If I was disgusted by the reaction of many of my white friends and acquaintances after the grand jury decided not to indict Officer Darren Wilson last month, then I am sick to my stomach by the complete INACTION and VOICELESSNESS of them now. Everything is different about the Eric Garner case, and yet everything is exactly the same. The people who once all too willingly jumped to the rescue of a police officer who, despite a mountain of conflicting evidence and testimony, somehow managed to escape even a trial…are now completely silent on the Eric Garner case. I would like to think that it’s because they are just as appalled as I am. I would like to think to myself that it’s because they are maybe, just now, realizing that everything their black acquaintances have been talking about for years was not some paranoid delusional fabrication. I would like to think that maybe it’s because they are processing the fact that a father of six was robbed of his life on film, and the murderer will not even stand trial.

I would like to think all of those things…

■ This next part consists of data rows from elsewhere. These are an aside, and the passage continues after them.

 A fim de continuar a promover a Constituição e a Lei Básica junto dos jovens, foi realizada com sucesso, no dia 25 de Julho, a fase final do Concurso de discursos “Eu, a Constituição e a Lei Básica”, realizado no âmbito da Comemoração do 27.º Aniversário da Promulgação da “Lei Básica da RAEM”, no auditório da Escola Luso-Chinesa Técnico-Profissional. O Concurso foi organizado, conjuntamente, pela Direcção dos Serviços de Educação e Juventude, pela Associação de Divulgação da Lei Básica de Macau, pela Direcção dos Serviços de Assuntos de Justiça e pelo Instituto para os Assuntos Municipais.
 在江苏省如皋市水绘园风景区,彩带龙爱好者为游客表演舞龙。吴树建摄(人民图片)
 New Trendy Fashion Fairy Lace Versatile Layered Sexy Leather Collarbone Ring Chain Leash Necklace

But given that these are the same people who “confused” Michael Brown with convicted murderer Joda Cain, thereby reducing him to a criminal instead of the unarmed black teenager he was when he was murdered… and given that these are the same people who tell me to “leave race out of it” when I talk about Tamir Rice, a 12 year old boy who was shot and killed by Officer Timothy Loehmann, a white man who was determined to be “unfit for duty” in 2012….and given that these are the same people who tell me that racism only exists because * I * keep talking about it [because they ‘don’t see colour’]…and given that these are the same people who appropriate the hell out of a culture whose survival for which they have no intention of fighting…I think my hopes may be misplaced.

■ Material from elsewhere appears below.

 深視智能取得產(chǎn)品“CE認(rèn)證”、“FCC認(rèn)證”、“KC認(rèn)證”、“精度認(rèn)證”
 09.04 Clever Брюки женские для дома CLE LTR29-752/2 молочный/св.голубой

This tacit denial, this unashamed dismissal of the plague of institutional racism in America does not make it go away. It, instead, provides the perfect breeding ground for this disease to thrive. Even when a video is recorded and released of racist police brutality resulting in death, far too many white people choose to be silent. And their silence adds fuel to the already raging injustices that allowed this to happen in the first place. One of the hallmarks of white privilege is the mentality that “if it doesn’t affect me, then it does not matter.” Secondary to that, but equally as important, is the fact that privilege does not exist without one group controlling the conversation for another. In other words: Me discussing race = angry black woman. White person discussing race = Everyone shut up and listen. Even when my words pertain to my own experience, which cannot be disputed by anyone else, they can be dismissed as prejudicial and ridiculous. The times in which my experiences of racism are openly validated will never reach as far as the audience that listens to a white advocate of racial equality. Even today, my rights and freedoms to even speak on my experiences as a woman of colour in America are determined by white America’s willingness to listen, and acknowledge.

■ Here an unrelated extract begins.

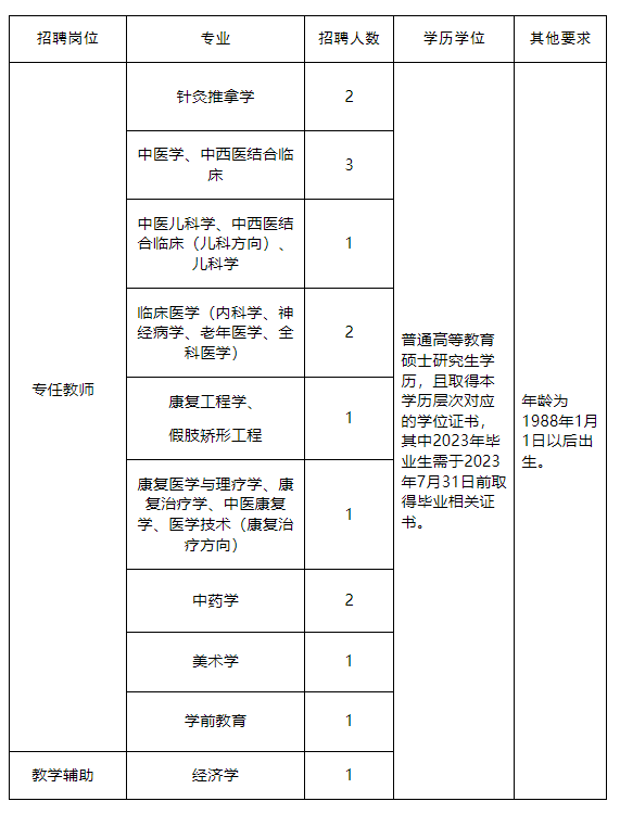 本次招聘工作人員15名,詳見《河南推拿職業學院2023年公開招聘工作人員崗位信息表》。

To echo Chief Justice Roger B. Taney in his infamous statement during the Dredd Scott ruling of 1857, “It is too clear for dispute, that the enslaved African race were not intended to be included, and formed no part of the people who framed and adopted this declaration…black men had no rights which the white man was bound to respect.”

Apparently, these rights, which were never bound to be respected, now include walking home in a hoodie carrying a bag of Skittles; playing loud music in a car; walking on the street; twirling a toy gun…and breathing.

And for me, institutional racism now includes the right to sleep peacefully…something that I will have a much harder time doing from now on.